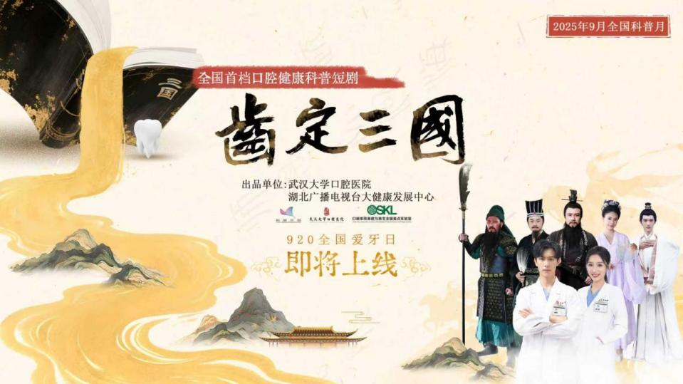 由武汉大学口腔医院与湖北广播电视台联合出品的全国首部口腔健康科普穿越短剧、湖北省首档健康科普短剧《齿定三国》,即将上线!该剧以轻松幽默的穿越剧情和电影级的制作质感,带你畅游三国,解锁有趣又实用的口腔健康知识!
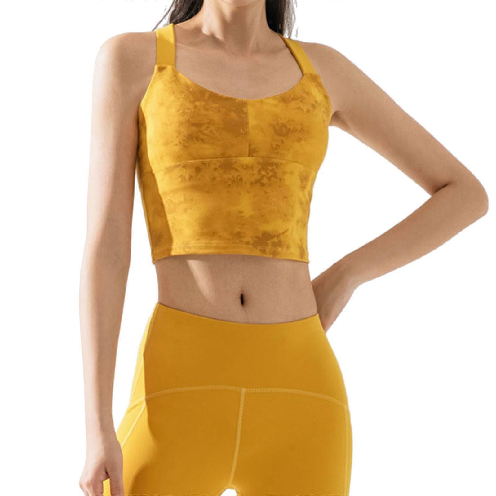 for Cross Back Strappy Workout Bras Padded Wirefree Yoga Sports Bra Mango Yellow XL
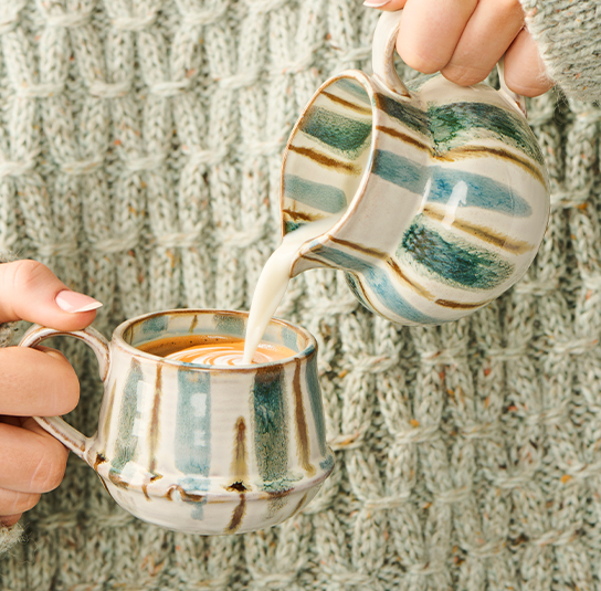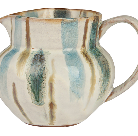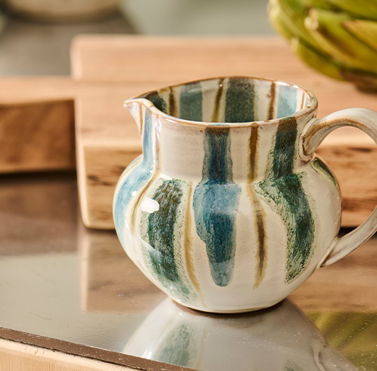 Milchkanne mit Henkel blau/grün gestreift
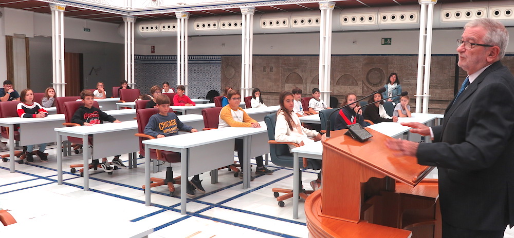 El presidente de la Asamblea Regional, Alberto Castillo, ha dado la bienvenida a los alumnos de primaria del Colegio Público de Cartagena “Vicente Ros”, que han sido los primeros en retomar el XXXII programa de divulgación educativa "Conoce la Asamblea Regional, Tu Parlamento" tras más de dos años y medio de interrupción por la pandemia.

---

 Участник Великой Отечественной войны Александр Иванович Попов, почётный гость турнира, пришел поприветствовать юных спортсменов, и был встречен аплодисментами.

§ **AIM OF THE TASK**
Produce an exact reproduction of the listing above, limited to the lines starting at the line with "由武汉大学口腔医院与湖北广播" and ending at the line with "Milchkanne mit Henkel blau/grün gestreift", both kept, with every picture left out.

§ **FINISHED TASK**
 由武汉大学口腔医院与湖北广播电视台联合出品的全国首部口腔健康科普穿越短剧、湖北省首档健康科普短剧《齿定三国》,即将上线!该剧以轻松幽默的穿越剧情和电影级的制作质感,带你畅游三国,解锁有趣又实用的口腔健康知识!
 for Cross Back Strappy Workout Bras Padded Wirefree Yoga Sports Bra Mango Yellow XL
 Milchkanne mit Henkel blau/grün gestreift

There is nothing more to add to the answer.